2. A computer system according to claim 1, wherein the decision system comprises a machine learning model.
3. A computer system according to claim 1, wherein the decision system comprises a rules-based system.
4. A computer system according to claim 1, wherein the one or more processors are further configured to obtain information based on at least one identifier associated with the document.
5. A computer system according to claim 4, wherein the at least one identifier is an indication of a person's identity who is associated with the document and the information is obtained from an organisational database.
6. A computer system according to claim 5, wherein the obtained information is an indication of how often there are communications with the identified person.
7. A computer system according to claim 1, wherein the document is an email and the textual data comprises the text body of the email.
8. A computer system according to claim 1, wherein at least one of the scalar indications is an indication of the quantity of content relating to a feature.
9. A computer system according to claim 1, wherein at least one of the scalar indications is an indication of the strength of language in relation to a feature.
10. A computer system according to claim 1, wherein the at least one feature of the textual data include at least one of the urgency of language used, spelling accuracy, pressure applied to recipient to take certain action, language which appears disingenuous, offers which are “too good to be true”, and attempts to sell products.
11. A computer system according to claim 1, wherein the step of requesting a scalar indication comprises requesting a plurality of scalar indications from the large language model for at least one of the features, wherein each of the plurality of scalar indications are requested using a different form of the question.
12. A computer system according to claim 11, wherein the decision system utilises the average, minimum or maximum of the plurality of scalar indications for a feature.
13. A computer system according to claim 1, wherein the step of requesting a scalar indication comprises requesting the large language model to verify a deliberately false scalar indication to verify confidence in a scalar indication provided by the large language model.

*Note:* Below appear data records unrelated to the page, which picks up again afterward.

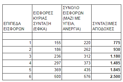 Οι εισφορές της 5ης κατηγορίας (369 ευρώ) αντιστοιχούν σε συντάξιμες αποδοχές 1.845 ευρώ και βγάζουν ανταποδοτική σύνταξη 690 ευρώ και συνολική 1.074 ευρώ.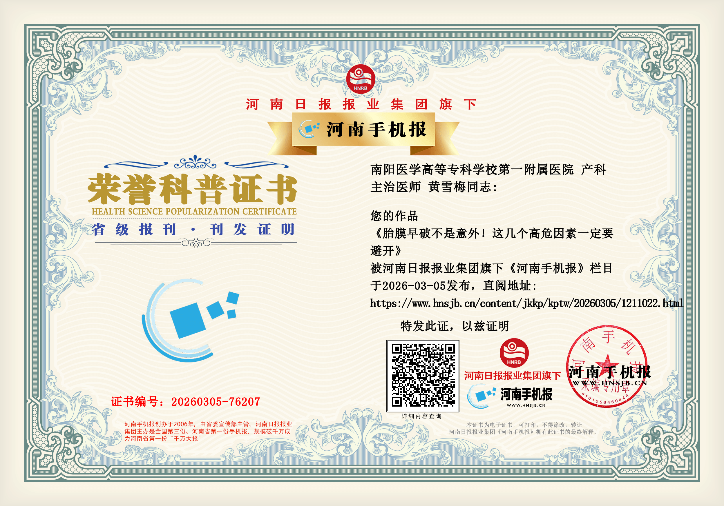 (黄雪梅 南阳医学高等专科学校第一附属医院 产科 主治医师)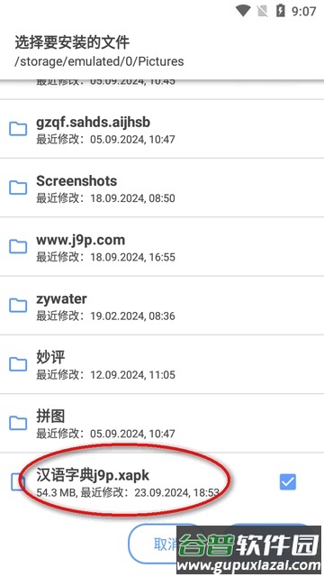 3、在手机文件目录中,找到并选中需要安装的xapk文件。
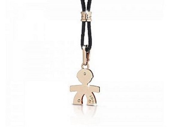 Ciondolo con sagoma maschietto in oro rosa , altezza 1,40 cm. larghezza 1,20 cm., cordino color nero e distanziatore in oro rosa con cuoricino traforato. Tutti i gioielli della linea le Bebé possono essere personalizzati.

14. A computer-implemented method, comprising the steps of
at a computer system comprising one or more computer readable storage media and one or more processors:—
receiving a document;
extracting textual data from the document;
requesting a large language model to provide a scalar indication for each of a plurality of features of the textual data; and
utilising a decision system to produce an output based on at least the scalar indications.

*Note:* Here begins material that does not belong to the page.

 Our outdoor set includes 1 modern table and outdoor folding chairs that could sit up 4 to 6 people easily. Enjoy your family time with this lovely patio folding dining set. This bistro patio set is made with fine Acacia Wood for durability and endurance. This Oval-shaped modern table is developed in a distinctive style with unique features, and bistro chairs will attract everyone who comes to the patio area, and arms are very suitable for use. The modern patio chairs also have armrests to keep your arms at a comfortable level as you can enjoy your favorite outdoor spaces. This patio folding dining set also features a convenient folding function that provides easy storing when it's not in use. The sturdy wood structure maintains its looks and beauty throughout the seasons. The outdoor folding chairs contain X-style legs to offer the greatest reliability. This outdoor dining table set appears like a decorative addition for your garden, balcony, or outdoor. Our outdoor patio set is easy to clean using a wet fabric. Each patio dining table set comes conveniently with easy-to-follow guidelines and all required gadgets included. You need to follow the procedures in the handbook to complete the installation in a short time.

15. A computer-implemented method according to claim 14, further comprising the step of obtaining information based on at least one identifier associated with the document.
16. A computer-implemented method according to claim 14, wherein the at least one identifier is an indication of a person's identity who is associated with the document and the information is obtained from an organisational database.

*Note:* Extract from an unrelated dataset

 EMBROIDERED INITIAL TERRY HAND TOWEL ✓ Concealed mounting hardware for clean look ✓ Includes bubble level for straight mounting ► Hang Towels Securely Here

17. A computer-implemented method according to claim 14, wherein the document is an email and the textual data comprises the text body of the email.
18. A computer-implemented method according to claim 14, wherein the at least one feature of the textual data include at least one of the urgency of language used, spelling accuracy, pressure applied to recipient to take certain action, language which appears disingenuous, offers which are “too good to be true”, and attempts to sell products.
19. A computer-implemented method according to claim 14, wherein the step of requesting a scalar indication comprises requesting a plurality of scalar indications from the large language model for at least one of the features, wherein each of the plurality of scalar indications are requested using a different form of the question.
20. A computer-implemented method according to claim 14, wherein the step of requesting a scalar indication comprises requesting the large language model to verify a deliberately false scalar indication to verify confidence in a scalar indication provided by the large language model.